[Exercise materials]
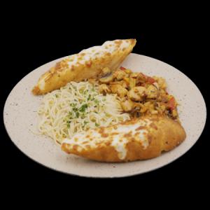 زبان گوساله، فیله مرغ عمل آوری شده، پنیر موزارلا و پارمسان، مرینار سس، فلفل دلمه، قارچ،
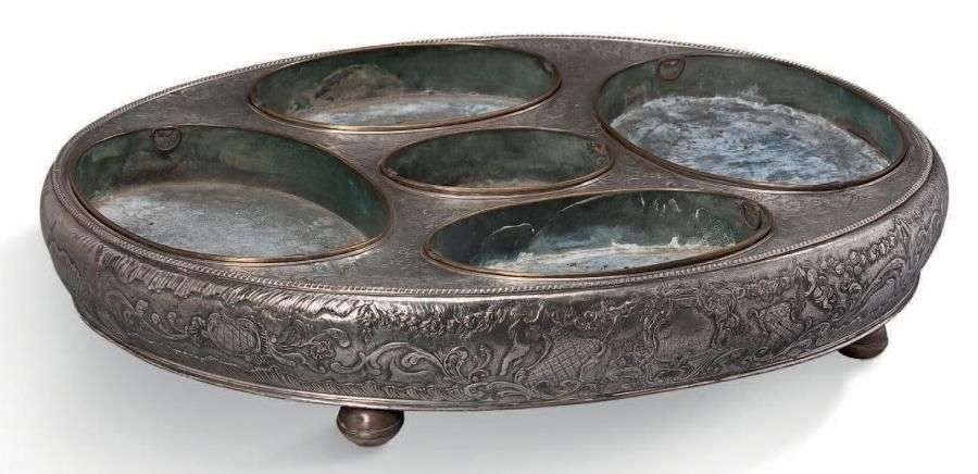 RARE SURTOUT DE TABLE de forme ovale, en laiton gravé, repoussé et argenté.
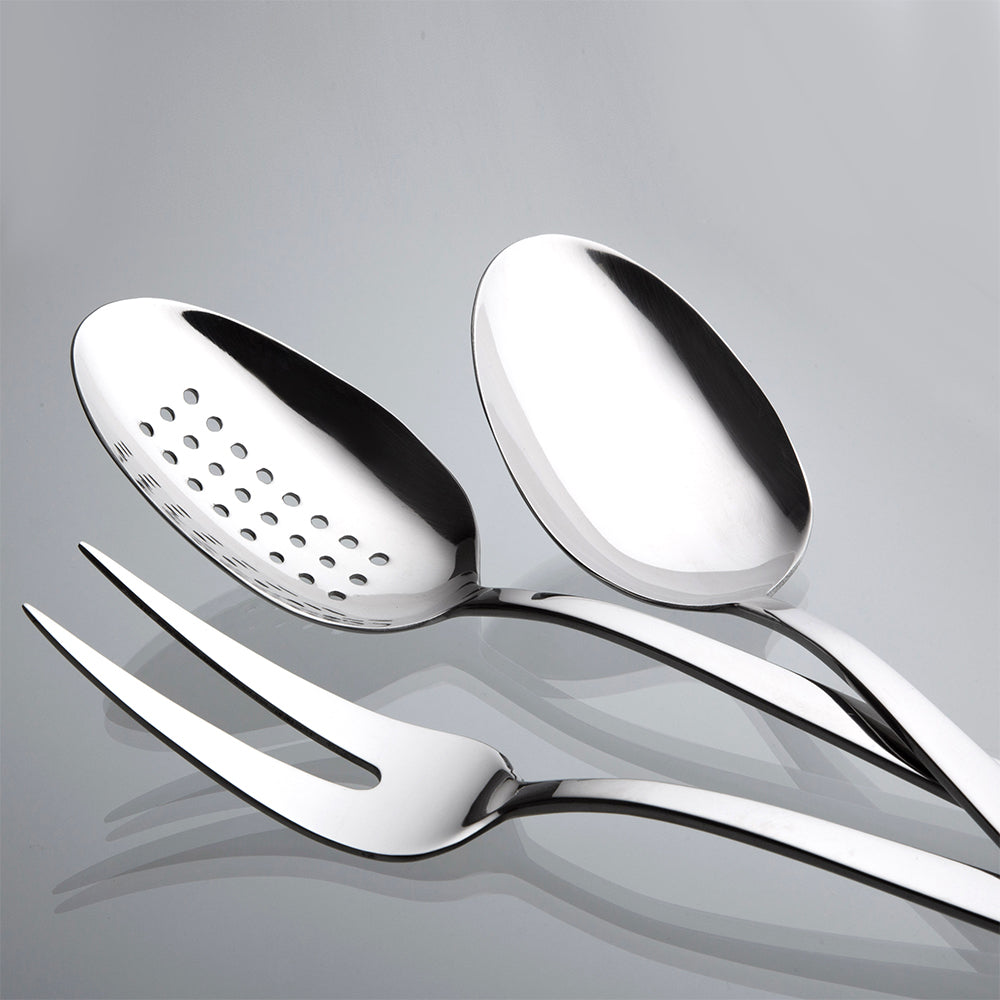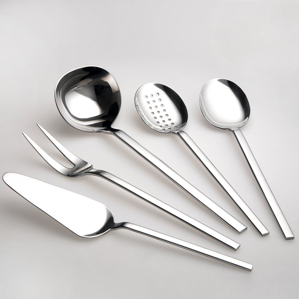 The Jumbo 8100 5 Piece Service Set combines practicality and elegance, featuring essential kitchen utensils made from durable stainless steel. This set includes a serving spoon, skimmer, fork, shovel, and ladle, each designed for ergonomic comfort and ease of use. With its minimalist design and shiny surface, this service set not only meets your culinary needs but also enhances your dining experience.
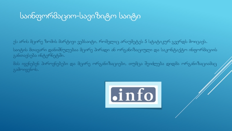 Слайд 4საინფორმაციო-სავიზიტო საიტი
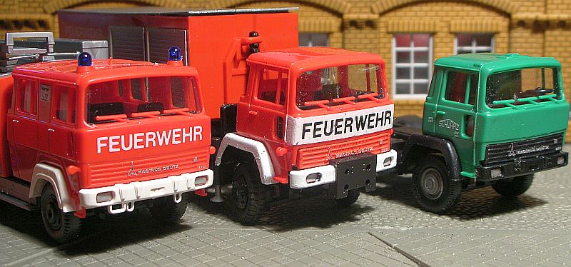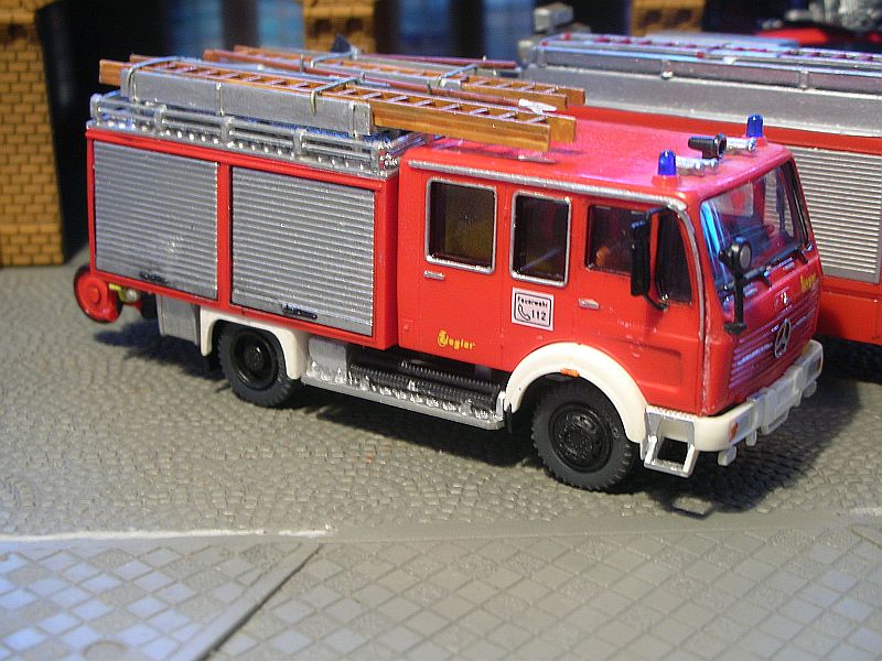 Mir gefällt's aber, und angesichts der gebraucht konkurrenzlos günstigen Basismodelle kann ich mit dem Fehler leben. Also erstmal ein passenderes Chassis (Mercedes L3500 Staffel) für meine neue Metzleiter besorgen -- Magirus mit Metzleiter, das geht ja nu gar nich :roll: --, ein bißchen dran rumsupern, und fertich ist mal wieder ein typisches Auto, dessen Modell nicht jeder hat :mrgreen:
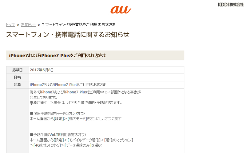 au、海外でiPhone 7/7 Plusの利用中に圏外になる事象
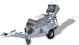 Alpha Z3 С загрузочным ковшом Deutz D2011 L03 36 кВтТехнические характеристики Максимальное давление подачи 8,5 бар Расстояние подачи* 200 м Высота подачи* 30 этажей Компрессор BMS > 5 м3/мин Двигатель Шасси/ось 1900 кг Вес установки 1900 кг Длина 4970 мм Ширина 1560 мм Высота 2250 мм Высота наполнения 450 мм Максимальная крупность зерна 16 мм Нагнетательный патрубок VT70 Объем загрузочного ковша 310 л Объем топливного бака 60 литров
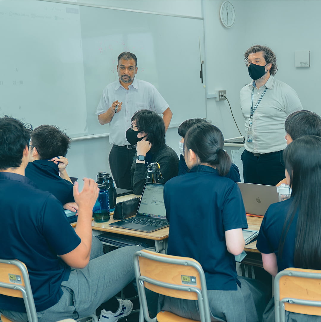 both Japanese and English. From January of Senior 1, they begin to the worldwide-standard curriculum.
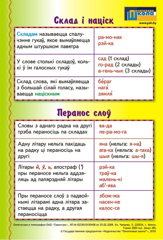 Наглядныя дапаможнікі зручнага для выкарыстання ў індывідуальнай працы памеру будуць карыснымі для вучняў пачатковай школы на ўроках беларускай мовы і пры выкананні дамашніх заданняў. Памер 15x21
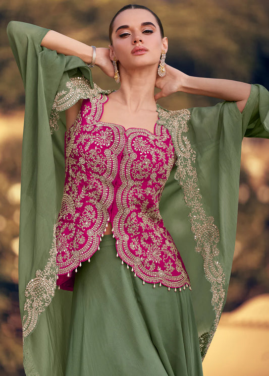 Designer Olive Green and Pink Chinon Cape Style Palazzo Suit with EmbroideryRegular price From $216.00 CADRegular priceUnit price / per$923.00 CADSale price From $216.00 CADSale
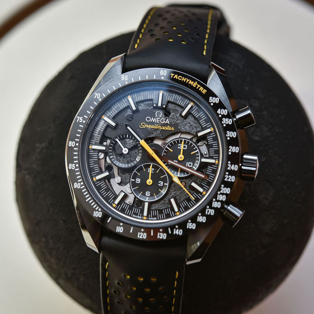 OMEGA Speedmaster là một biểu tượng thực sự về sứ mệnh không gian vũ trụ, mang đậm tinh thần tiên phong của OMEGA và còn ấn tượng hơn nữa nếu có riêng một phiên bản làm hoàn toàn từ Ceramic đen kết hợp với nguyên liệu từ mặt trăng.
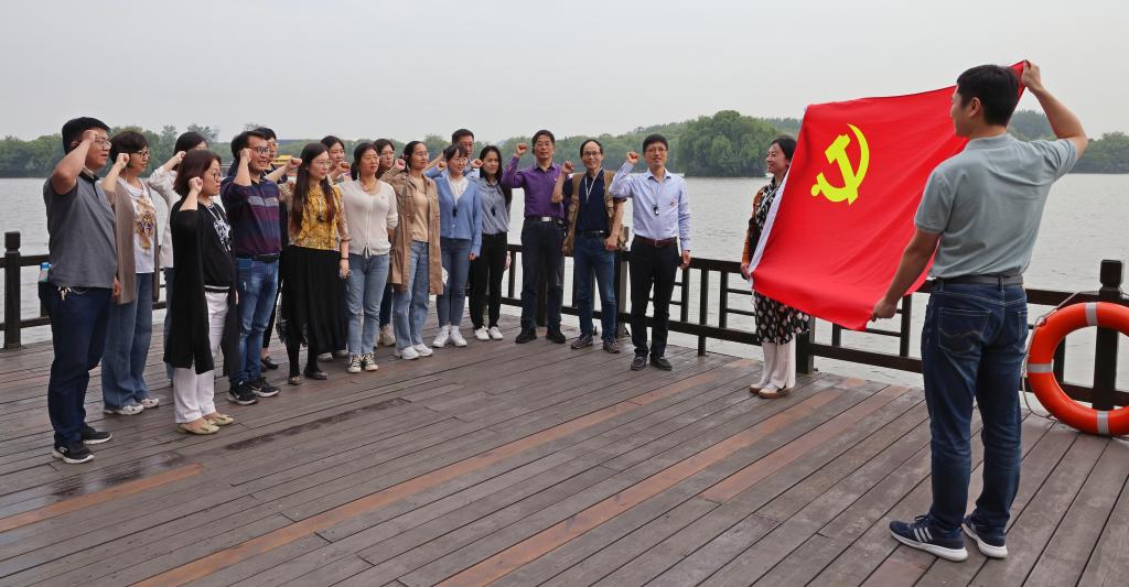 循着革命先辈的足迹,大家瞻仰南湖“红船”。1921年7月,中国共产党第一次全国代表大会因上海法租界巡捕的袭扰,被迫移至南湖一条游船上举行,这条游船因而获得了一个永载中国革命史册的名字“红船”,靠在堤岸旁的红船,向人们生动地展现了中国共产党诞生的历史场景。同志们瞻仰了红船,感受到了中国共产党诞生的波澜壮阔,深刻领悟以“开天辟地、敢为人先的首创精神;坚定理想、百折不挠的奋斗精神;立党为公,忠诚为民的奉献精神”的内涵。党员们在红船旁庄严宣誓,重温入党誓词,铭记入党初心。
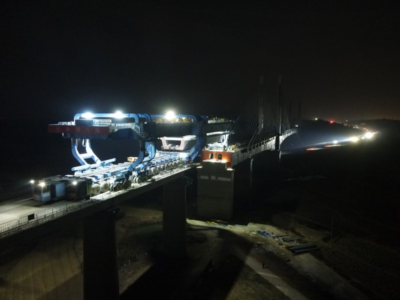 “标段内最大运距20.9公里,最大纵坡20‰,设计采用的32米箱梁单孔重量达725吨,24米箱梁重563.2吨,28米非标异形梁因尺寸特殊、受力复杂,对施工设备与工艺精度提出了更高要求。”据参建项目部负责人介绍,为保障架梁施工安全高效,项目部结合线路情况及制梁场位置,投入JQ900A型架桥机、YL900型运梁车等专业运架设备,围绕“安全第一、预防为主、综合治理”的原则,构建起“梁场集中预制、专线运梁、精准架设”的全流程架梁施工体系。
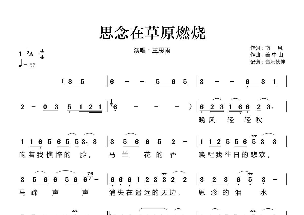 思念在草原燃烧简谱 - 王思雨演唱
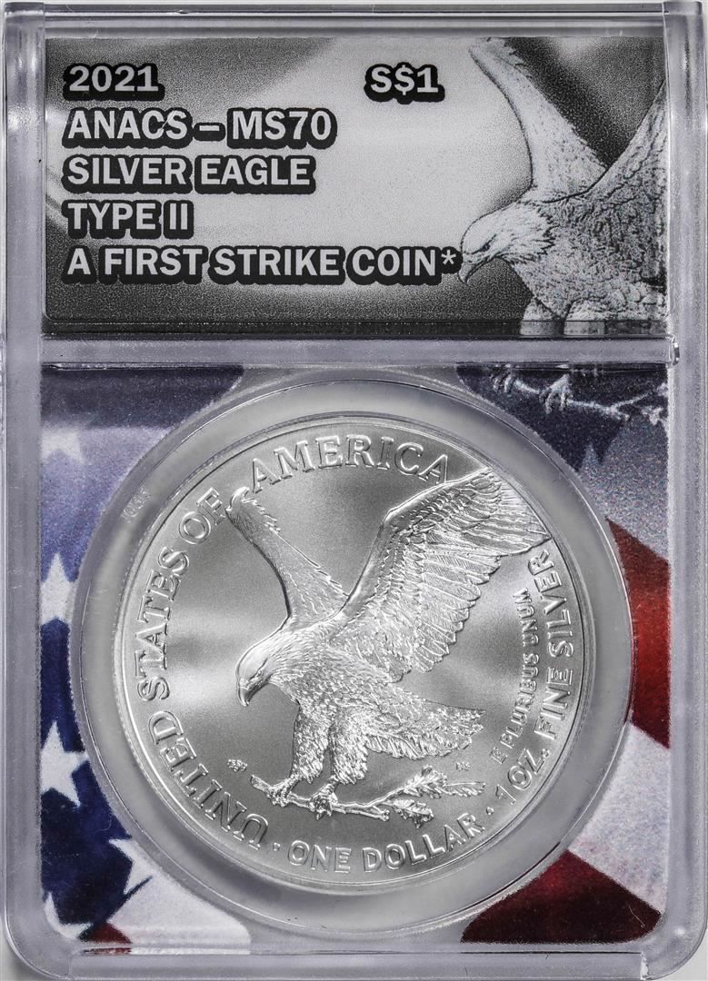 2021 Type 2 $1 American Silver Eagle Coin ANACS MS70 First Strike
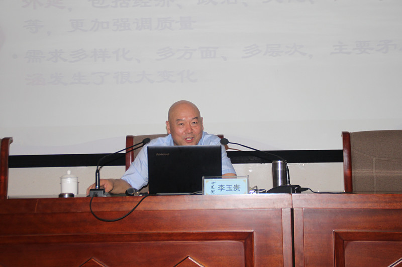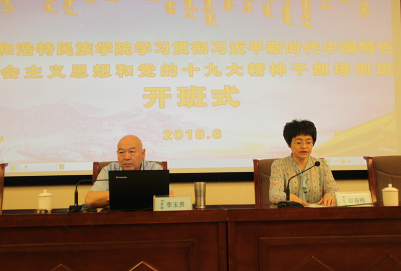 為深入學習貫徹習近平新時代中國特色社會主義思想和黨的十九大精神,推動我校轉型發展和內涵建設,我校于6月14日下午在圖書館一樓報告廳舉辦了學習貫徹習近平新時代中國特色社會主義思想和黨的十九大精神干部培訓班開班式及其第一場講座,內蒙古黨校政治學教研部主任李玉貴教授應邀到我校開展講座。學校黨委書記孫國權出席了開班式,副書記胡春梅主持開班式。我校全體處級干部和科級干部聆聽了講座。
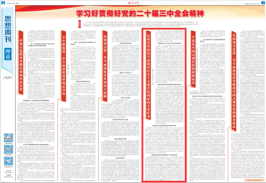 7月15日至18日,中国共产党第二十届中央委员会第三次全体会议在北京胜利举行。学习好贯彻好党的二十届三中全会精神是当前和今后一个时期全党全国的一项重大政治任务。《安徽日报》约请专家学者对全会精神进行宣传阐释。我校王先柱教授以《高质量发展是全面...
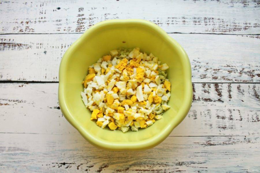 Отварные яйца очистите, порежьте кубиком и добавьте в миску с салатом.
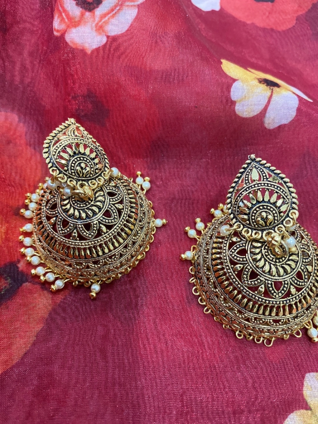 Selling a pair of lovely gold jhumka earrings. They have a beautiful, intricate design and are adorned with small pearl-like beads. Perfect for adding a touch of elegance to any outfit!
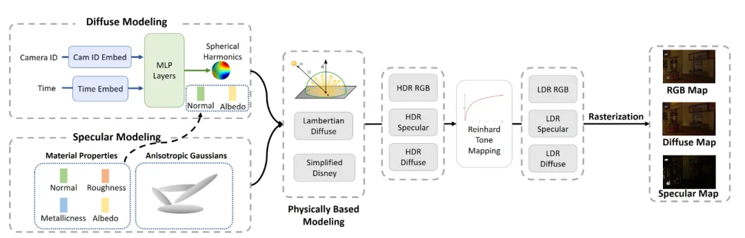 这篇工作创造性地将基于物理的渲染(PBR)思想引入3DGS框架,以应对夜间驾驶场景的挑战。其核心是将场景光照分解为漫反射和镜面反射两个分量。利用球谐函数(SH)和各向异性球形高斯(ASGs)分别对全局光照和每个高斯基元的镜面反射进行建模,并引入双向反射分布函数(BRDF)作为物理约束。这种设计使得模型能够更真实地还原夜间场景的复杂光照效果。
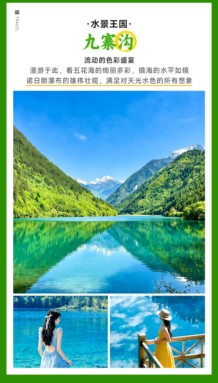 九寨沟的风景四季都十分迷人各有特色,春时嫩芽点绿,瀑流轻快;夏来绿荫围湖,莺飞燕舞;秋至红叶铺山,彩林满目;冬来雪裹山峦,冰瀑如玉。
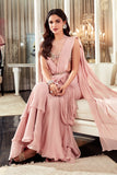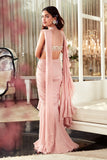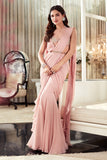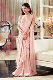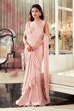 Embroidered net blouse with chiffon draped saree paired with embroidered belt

[Task requirements]
Please retype, exactly as they appear, the lines from the one with "為深入學習貫徹習近平新時代中" through the final line of the material, both included, and drop any pictures.

[Answer to this task]
 為深入學習貫徹習近平新時代中國特色社會主義思想和黨的十九大精神,推動我校轉型發展和內涵建設,我校于6月14日下午在圖書館一樓報告廳舉辦了學習貫徹習近平新時代中國特色社會主義思想和黨的十九大精神干部培訓班開班式及其第一場講座,內蒙古黨校政治學教研部主任李玉貴教授應邀到我校開展講座。學校黨委書記孫國權出席了開班式,副書記胡春梅主持開班式。我校全體處級干部和科級干部聆聽了講座。
 7月15日至18日,中国共产党第二十届中央委员会第三次全体会议在北京胜利举行。学习好贯彻好党的二十届三中全会精神是当前和今后一个时期全党全国的一项重大政治任务。《安徽日报》约请专家学者对全会精神进行宣传阐释。我校王先柱教授以《高质量发展是全面...
 Отварные яйца очистите, порежьте кубиком и добавьте в миску с салатом.
 Selling a pair of lovely gold jhumka earrings. They have a beautiful, intricate design and are adorned with small pearl-like beads. Perfect for adding a touch of elegance to any outfit!
 这篇工作创造性地将基于物理的渲染(PBR)思想引入3DGS框架,以应对夜间驾驶场景的挑战。其核心是将场景光照分解为漫反射和镜面反射两个分量。利用球谐函数(SH)和各向异性球形高斯(ASGs)分别对全局光照和每个高斯基元的镜面反射进行建模,并引入双向反射分布函数(BRDF)作为物理约束。这种设计使得模型能够更真实地还原夜间场景的复杂光照效果。
 九寨沟的风景四季都十分迷人各有特色,春时嫩芽点绿,瀑流轻快;夏来绿荫围湖,莺飞燕舞;秋至红叶铺山,彩林满目;冬来雪裹山峦,冰瀑如玉。
 Embroidered net blouse with chiffon draped saree paired with embroidered belt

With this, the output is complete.